MeshCore Room Servers

What is a Room Server?

What is a MeshCore Room Server?

A Room Server is a store-and-forward bulletin board that runs directly on a LoRa node running MeshCore firmware. It acts as a shared message board for the mesh community - any node that can reach the room server can post and read messages without needing internet access or a central server.

Key Characteristics

Password Tiers

RoleDefault PasswordPermissions
AdminpasswordFull control: manage users, delete messages, change all settings
GuesthelloRead and write messages
None (no password)N/ARead-only access

Warning: Both default passwords must be changed immediately after first login. The default admin password password and guest password hello are publicly known.

Why Room Servers Matter

Room servers enable asynchronous community communication entirely over the mesh. A traveler passing through can read recent area messages, a neighborhood can coordinate during a power outage, or volunteers can leave notes for the next person who checks in - all without any internet connection or cellular infrastructure.

Room Server Setup & Configuration

Step 1 - Flash Room Server Firmware

Use the MeshCore web flasher at flasher.meshcore.io. Select your hardware (e.g., Heltec V3) and choose the Room Server firmware variant.

Step 2 - Connect via Serial or Bluetooth

Connect via USB serial at 115200 baud using a terminal emulator (PuTTY, screen, minicom) or via Bluetooth using the MeshCore companion app.

Step 3 - Immediate Security: Change Default Passwords

Before anything else, change both default passwords. The defaults are publicly documented and must not remain in production:

password yourSecureAdminPassword
set guest.password yourSecureGuestPassword

Step 4 - Set Node Identity and Location

set name MyRoomServer
set lat 46.879682
set lon -96.789803

Accurate coordinates allow the room server to appear correctly on network maps and help users gauge how far they are from it.

Step 5 - Verify Radio Preset

The room server's radio settings must match the network. For most North American MeshCore networks (NoDakMesh, RegionMesh, etc.):

Apply the USA/Canada preset from the firmware menu or companion app to set these automatically.

Step 6 - Optional: Enable Repeat Mode

If there is no separate repeater at this location, you can enable packet relay on the room server:

set repeat on

See Dual Deployment: Repeater + Room Server for why a dedicated repeater device is preferred over this option.

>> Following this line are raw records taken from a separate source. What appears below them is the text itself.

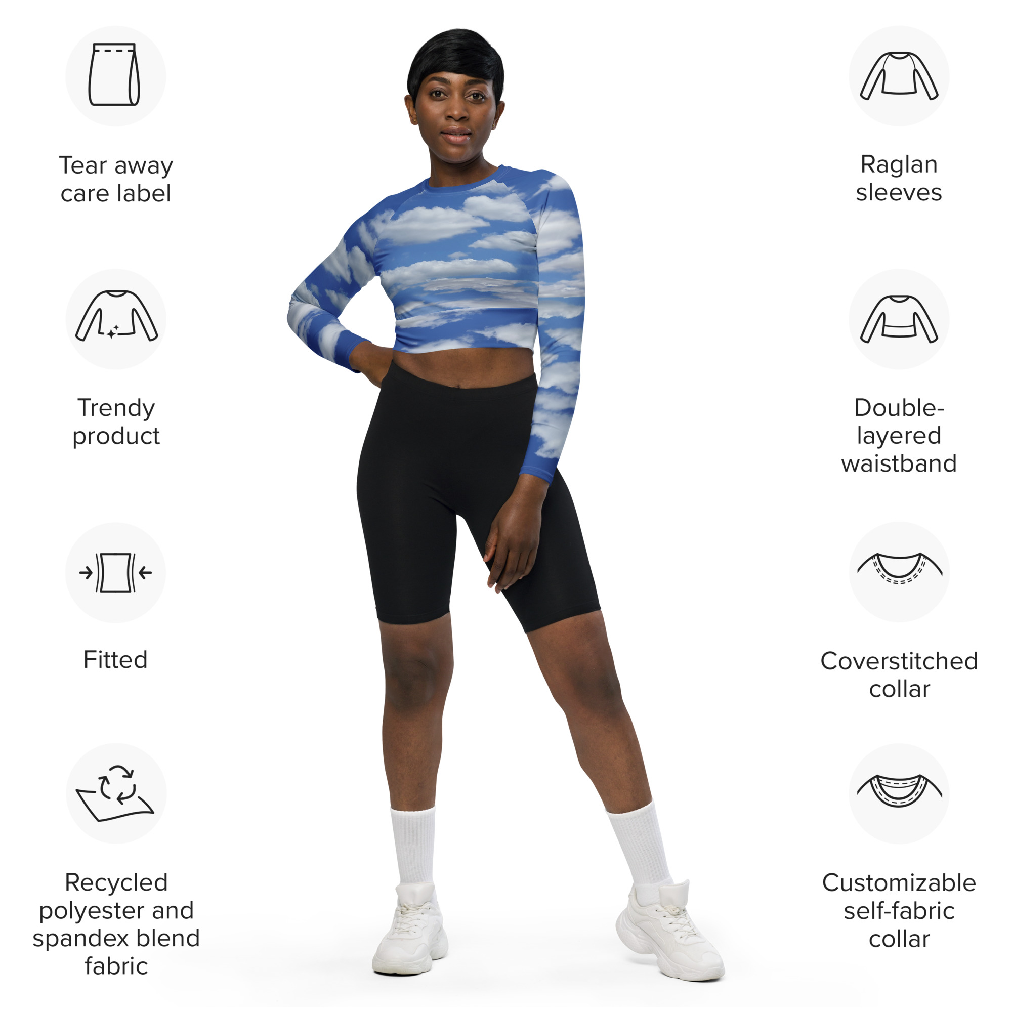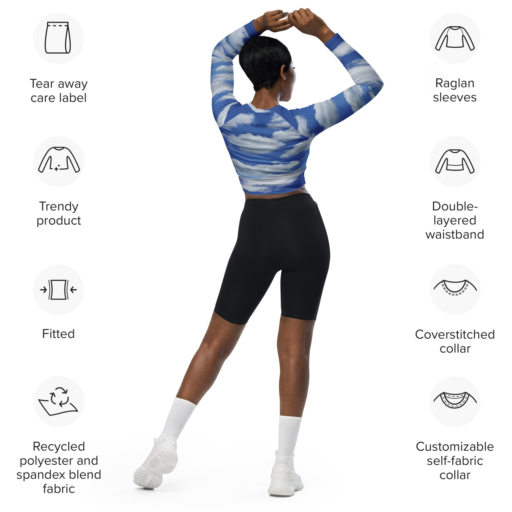 Designed using photos of the sky above the WetRock flower farm (WRG on Facebook). This long-sleeve crop top is made of recycled polyester and elastane, making it an eco-friendly choice for swimming, sports, or athleisure outfits. The crop top has a wide, double-layered waistline band for a comfortable fit. Other crop tops we carry: https://wetrock.com/WRGwp/?s=crop&post_type=product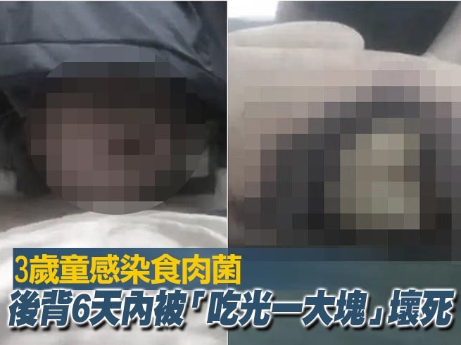 中國大陸內蒙古一名3歲男童日前背部突然長了大片紅點,家長原本以為是水痘,不以為意,沒想到幾天後男童症狀越來越嚴重,送醫急救才知道感染了罕見的食肉菌,整個背部幾乎被「吃光」,一度危及性命。
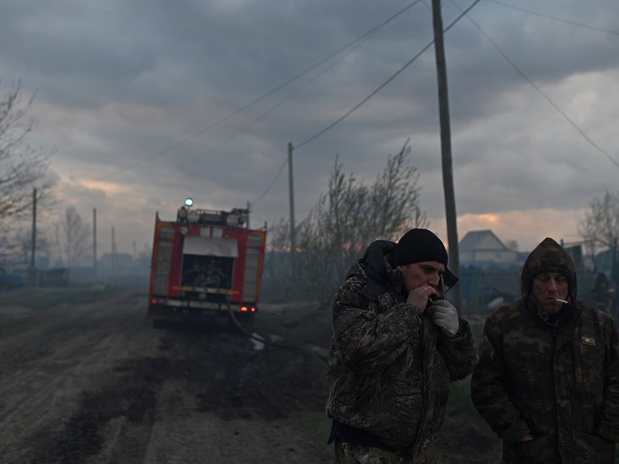 Men smoke next to a fire truck in the town of Nazyvayevsk affected by a fire, as a state of emergency has been declared in the Omsk region, Russia due to wildfires on May 6, 2022. Russia heads the list of countries with an annual average of most forest loss caused by fires at 2.51 million hectares. Image: Alexey Malgavko / Reuters
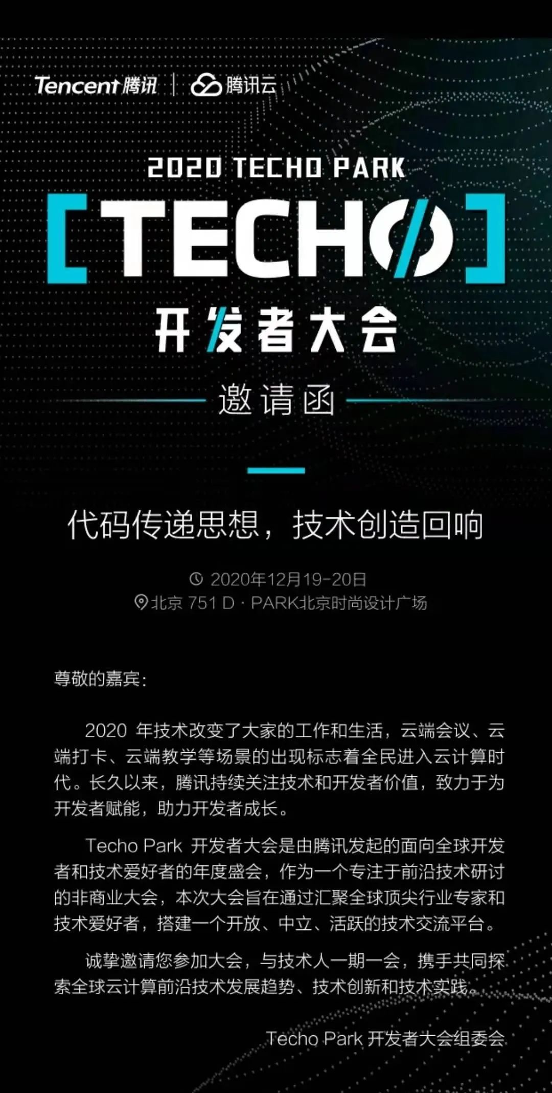 12月19日至20日,由腾讯主办的2020 Techo Park开发者大会将于北京召开。据了解,本次大会将邀请全球超过200位顶级技术专家来到现场,和数千位参会者就云计算、大数据和人工智能等前沿技术话题展开深度交流。预计将有超过百万用户通过线上和线下方式分享这场技术的年度盛会。

Step 7 - Broadcast Presence

Trigger an immediate advertisement so other nodes discover the room server without waiting for the next scheduled broadcast:

advert

Complete Configuration Reference

set guest.password yourGuestPassword
password yourAdminPassword
set name MyRoomServer
set lat 46.879682
set lon -96.789803
set repeat on # optional: also relay packets
advert # broadcast presence immediately

Dual Deployment: Repeater + Room Server

Dual Deployment: Separate Repeater and Room Server

Why Two Devices?

A repeater and a room server have conflicting placement requirements:

DeviceIdeal PlacementWhy
RepeaterOutdoors, elevated, high external antennaMaximum RF range in all directions
Room ServerIndoors, near power and USB/BT accessEasy administration, configuration, and monitoring

Forcing one device to do both jobs means compromising on placement - either the repeater antenna is too low, or the room server is too hard to access for administration.

Cost

Two Heltec V3 units cost approximately $40 - $60 total (as of 2025 pricing). This is a minimal investment for a significant capability improvement at a fixed site.

When Single-Device is Acceptable

If budget or space constraints make dual deployment impossible, enabling set repeat on on the room server is workable - it simply won't perform as well as a dedicated repeater at height. In that case, do your best to place the device near a window or in an elevated location to improve the antenna's line of sight.